Add annotations to a dashboard

  • Latest Dynatrace
  • How-to guide
  • 10-min read
  • Published Mar 20, 2026

Annotations allow you to indicate significant events such as deployments, incidents, or configuration changes on a timeseries chart. This helps you correlate metric behavior with what happened in your environment when troubleshooting or reviewing trends.

Annotations are data-driven, so they stay current as your data changes. You can create an annotation in two ways:

  • DQL query that returns timestamps and associated metadata.
  • Code snippet that returns annotation records.

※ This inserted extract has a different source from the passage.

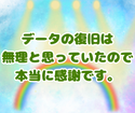 iPhoneを風呂に落としてしまい、絶望的でしたが、無事に直していただきました。データの復旧は無理かと思っていたので、本当に感謝です。ありがとうございました。

When you apply an annotation to a chart, the result of the DQL or code are mapped to the chart so you can see what happened and when it happened.

List annotations

The Annotations panel is your starting point for all annotations-related activities on a dashboard.

To list all annotations

  1. Select (Settings) in the upper-right corner of a dashboard to display the dashboard Settings panel.

  2. Select Annotations.

    Optional: Turn on Display global selector on dashboard to display the Annotations controls on your dashboard.

Use annotations

When annotations are defined for your dashboard, you can use them to look for correlations between metric behavior on your timeseries charts and significant events such as deployments, incidents, or configuration changes.

Use the global selector for interactive control of your annotations. This can be useful when, for example, you're troubleshooting an issue and you want to see only problem annotations on your charts. In this case, you could select your problems annotation and hide your other annotations.

Global selector

The global selector is a section of controls labeled Annotations that you can display in the upper-left corner of the dashboard, directly under the dashboard name.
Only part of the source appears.